Material for this exercise:
============================================================
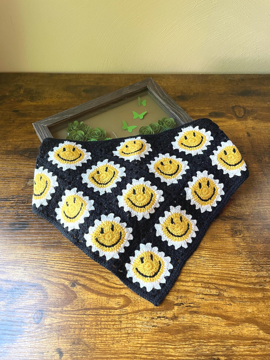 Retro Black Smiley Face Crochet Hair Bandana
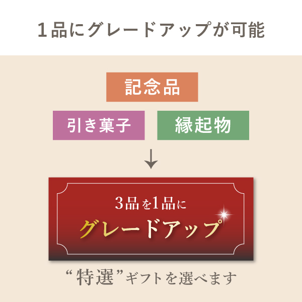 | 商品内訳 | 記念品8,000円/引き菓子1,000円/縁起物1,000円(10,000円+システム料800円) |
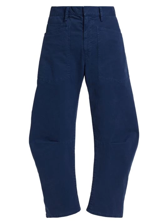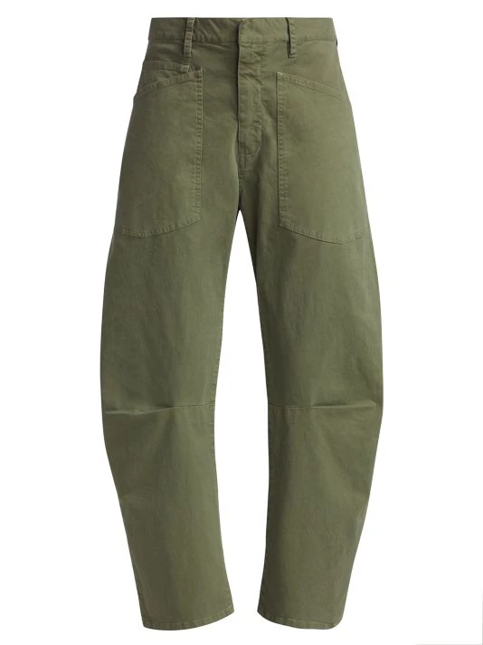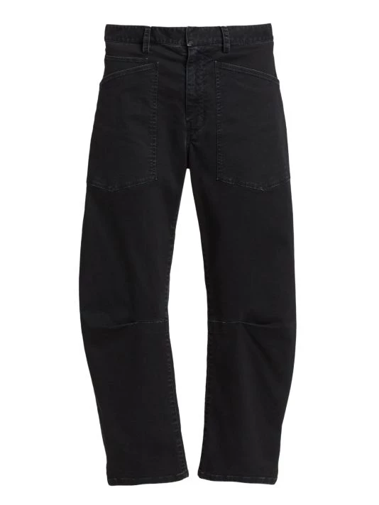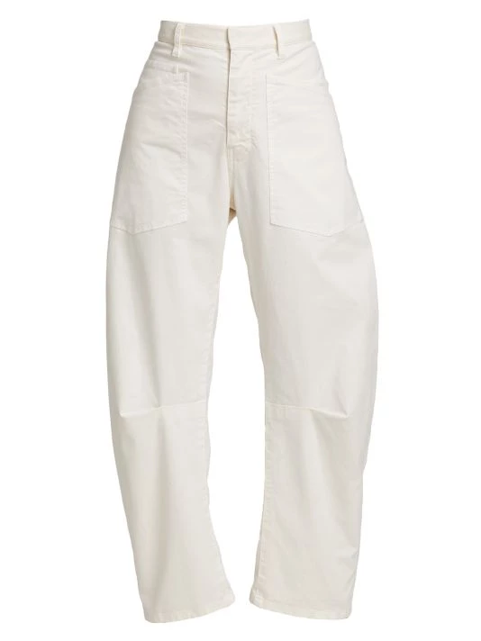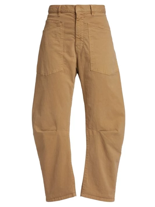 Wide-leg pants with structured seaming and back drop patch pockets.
============================================================
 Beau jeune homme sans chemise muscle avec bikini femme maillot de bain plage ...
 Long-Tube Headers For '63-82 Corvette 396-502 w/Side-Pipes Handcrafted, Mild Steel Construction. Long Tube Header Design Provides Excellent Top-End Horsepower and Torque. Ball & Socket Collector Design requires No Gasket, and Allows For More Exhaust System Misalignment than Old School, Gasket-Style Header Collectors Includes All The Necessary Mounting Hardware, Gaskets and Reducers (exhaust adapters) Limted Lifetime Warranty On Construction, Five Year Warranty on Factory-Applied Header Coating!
============================================================
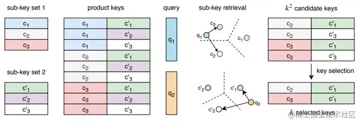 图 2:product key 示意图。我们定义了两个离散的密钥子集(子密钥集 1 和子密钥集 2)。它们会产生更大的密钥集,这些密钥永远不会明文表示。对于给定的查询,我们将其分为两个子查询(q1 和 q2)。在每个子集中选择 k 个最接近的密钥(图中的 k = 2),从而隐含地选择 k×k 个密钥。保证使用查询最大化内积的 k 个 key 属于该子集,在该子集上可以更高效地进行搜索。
============================================================
Work order:
If a picture sits between the line containing "Retro Black Smiley Face Crochet Hair Bandana" and the line containing "Wide-leg pants with", leave it out, and return the lines of that range above exactly, both ends included.

Output of the task:
 Retro Black Smiley Face Crochet Hair Bandana
 | 商品内訳 | 記念品8,000円/引き菓子1,000円/縁起物1,000円(10,000円+システム料800円) |
 Wide-leg pants with structured seaming and back drop patch pockets.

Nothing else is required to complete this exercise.